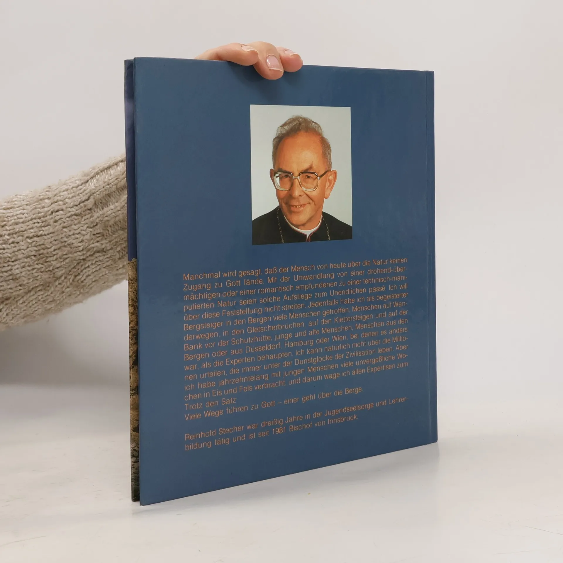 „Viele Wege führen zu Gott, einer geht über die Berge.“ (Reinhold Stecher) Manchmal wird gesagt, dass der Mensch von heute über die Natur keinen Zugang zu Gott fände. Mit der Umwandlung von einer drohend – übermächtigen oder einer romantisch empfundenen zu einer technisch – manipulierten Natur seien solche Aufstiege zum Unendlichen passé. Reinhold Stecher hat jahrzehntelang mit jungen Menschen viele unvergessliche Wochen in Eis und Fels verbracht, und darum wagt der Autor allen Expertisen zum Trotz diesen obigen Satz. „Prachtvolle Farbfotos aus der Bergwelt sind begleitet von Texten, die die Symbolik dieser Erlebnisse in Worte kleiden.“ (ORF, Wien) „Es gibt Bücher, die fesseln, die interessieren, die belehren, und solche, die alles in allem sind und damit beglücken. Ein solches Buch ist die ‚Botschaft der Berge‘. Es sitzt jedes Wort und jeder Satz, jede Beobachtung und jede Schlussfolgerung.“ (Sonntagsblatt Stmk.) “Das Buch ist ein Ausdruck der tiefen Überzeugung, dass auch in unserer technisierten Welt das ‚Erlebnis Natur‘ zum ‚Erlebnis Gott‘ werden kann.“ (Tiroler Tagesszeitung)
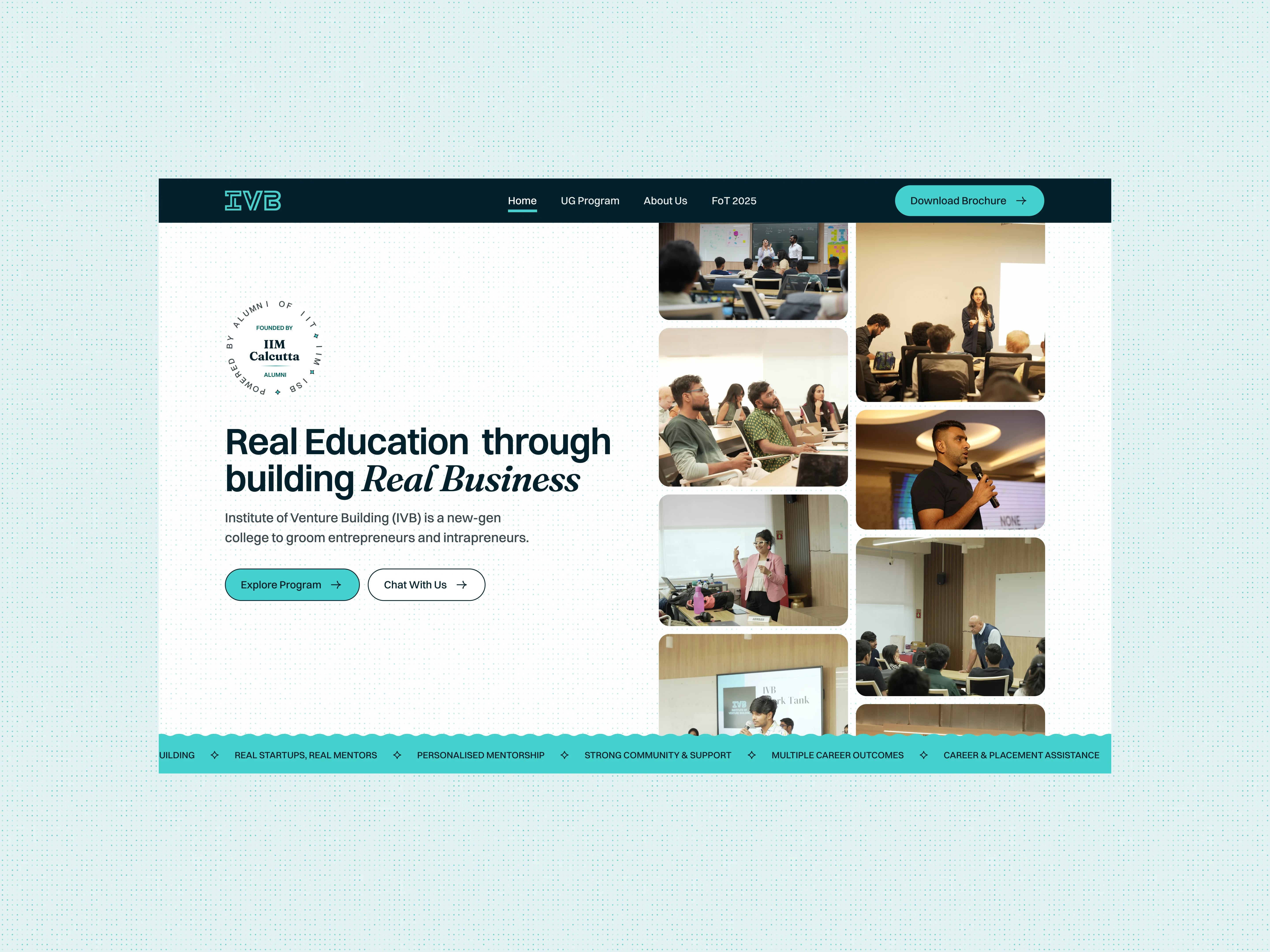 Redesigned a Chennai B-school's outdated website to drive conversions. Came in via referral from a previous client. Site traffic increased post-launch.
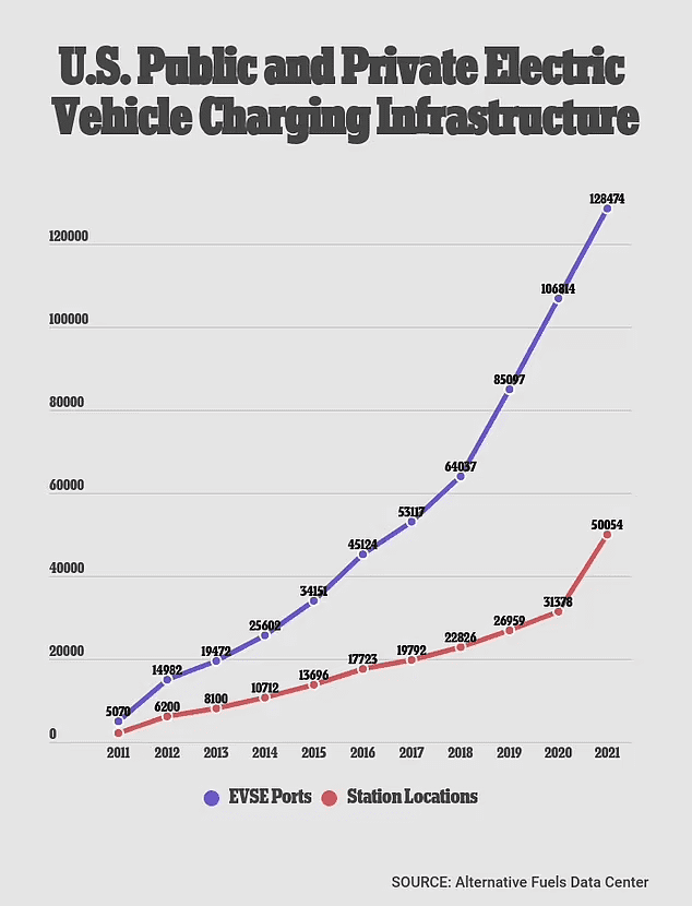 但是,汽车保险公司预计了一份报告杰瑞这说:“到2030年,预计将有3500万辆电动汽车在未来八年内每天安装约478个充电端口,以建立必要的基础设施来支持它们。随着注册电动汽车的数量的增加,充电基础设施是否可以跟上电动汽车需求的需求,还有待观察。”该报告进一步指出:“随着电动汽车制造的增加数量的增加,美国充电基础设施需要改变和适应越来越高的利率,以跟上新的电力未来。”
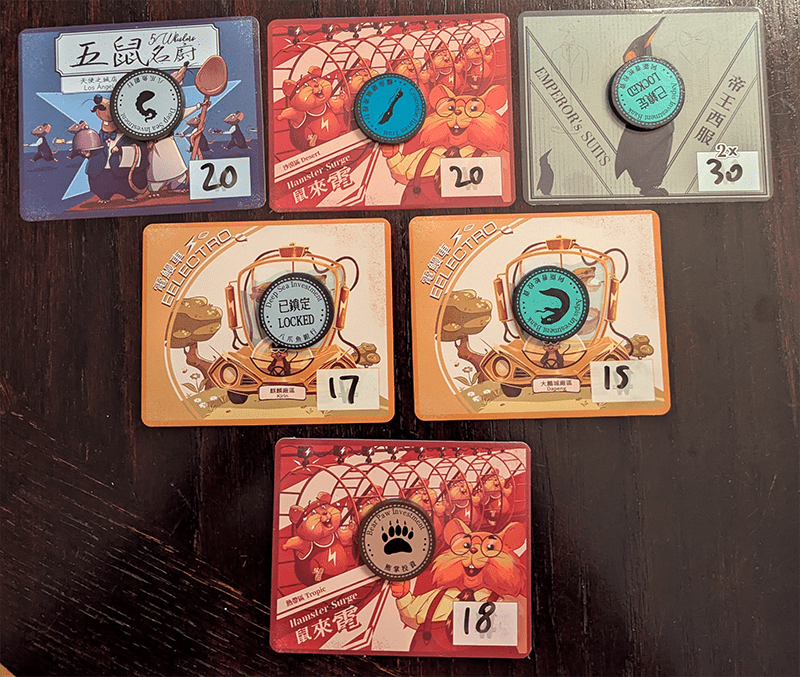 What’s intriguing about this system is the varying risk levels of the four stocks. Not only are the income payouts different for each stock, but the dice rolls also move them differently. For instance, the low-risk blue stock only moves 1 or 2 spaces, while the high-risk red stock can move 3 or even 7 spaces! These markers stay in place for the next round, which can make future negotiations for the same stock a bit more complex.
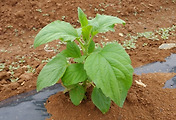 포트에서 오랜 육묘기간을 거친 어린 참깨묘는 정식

---

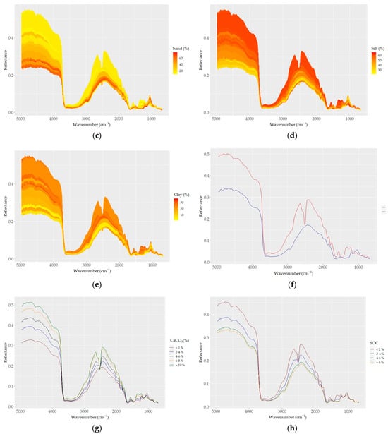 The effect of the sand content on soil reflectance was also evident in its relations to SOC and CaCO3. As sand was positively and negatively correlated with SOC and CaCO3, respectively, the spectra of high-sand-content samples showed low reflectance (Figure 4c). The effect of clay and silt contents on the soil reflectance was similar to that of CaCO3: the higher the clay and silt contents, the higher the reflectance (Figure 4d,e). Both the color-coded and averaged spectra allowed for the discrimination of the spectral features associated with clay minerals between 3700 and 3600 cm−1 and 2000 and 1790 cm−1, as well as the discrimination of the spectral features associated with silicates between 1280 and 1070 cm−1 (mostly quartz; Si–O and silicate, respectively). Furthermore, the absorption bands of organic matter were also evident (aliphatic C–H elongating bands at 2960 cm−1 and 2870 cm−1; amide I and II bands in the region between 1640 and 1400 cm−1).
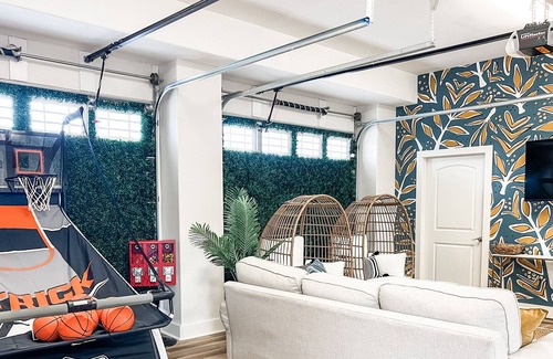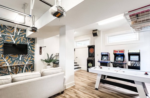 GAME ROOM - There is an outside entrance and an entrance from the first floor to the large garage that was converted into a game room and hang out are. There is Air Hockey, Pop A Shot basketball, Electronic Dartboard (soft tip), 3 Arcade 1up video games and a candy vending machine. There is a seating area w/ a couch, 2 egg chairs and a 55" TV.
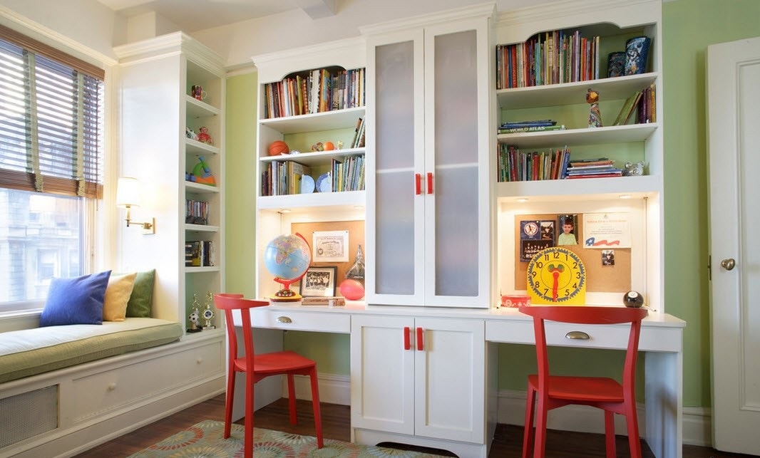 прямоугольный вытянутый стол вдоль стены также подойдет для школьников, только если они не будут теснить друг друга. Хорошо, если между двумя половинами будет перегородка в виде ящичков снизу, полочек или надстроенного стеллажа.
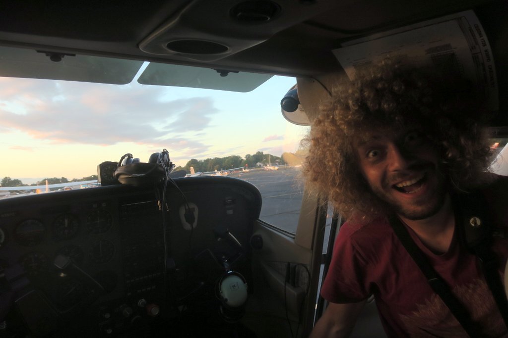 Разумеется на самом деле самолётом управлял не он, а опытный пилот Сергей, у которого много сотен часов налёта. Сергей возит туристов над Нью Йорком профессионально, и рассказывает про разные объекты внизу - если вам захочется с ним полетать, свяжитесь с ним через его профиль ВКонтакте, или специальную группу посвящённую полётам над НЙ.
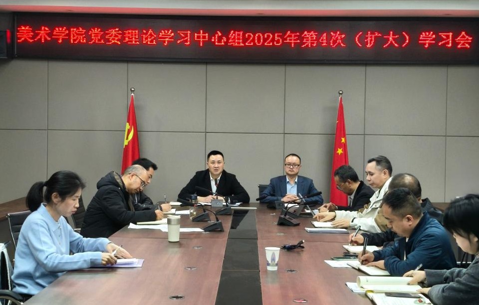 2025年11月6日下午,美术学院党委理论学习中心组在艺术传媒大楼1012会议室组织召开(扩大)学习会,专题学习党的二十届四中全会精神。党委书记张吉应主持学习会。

▶ _What you need to do_
Find the line with "Wege führen zu" and the line with "但是,汽车保险公司预计了一份" in the records above. Copy both and all lines between them exactly, without pictures.

▶ _Response_
 „Viele Wege führen zu Gott, einer geht über die Berge.“ (Reinhold Stecher) Manchmal wird gesagt, dass der Mensch von heute über die Natur keinen Zugang zu Gott fände. Mit der Umwandlung von einer drohend – übermächtigen oder einer romantisch empfundenen zu einer technisch – manipulierten Natur seien solche Aufstiege zum Unendlichen passé. Reinhold Stecher hat jahrzehntelang mit jungen Menschen viele unvergessliche Wochen in Eis und Fels verbracht, und darum wagt der Autor allen Expertisen zum Trotz diesen obigen Satz. „Prachtvolle Farbfotos aus der Bergwelt sind begleitet von Texten, die die Symbolik dieser Erlebnisse in Worte kleiden.“ (ORF, Wien) „Es gibt Bücher, die fesseln, die interessieren, die belehren, und solche, die alles in allem sind und damit beglücken. Ein solches Buch ist die ‚Botschaft der Berge‘. Es sitzt jedes Wort und jeder Satz, jede Beobachtung und jede Schlussfolgerung.“ (Sonntagsblatt Stmk.) “Das Buch ist ein Ausdruck der tiefen Überzeugung, dass auch in unserer technisierten Welt das ‚Erlebnis Natur‘ zum ‚Erlebnis Gott‘ werden kann.“ (Tiroler Tagesszeitung)
 Redesigned a Chennai B-school's outdated website to drive conversions. Came in via referral from a previous client. Site traffic increased post-launch.
 但是,汽车保险公司预计了一份报告杰瑞这说:“到2030年,预计将有3500万辆电动汽车在未来八年内每天安装约478个充电端口,以建立必要的基础设施来支持它们。随着注册电动汽车的数量的增加,充电基础设施是否可以跟上电动汽车需求的需求,还有待观察。”该报告进一步指出:“随着电动汽车制造的增加数量的增加,美国充电基础设施需要改变和适应越来越高的利率,以跟上新的电力未来。”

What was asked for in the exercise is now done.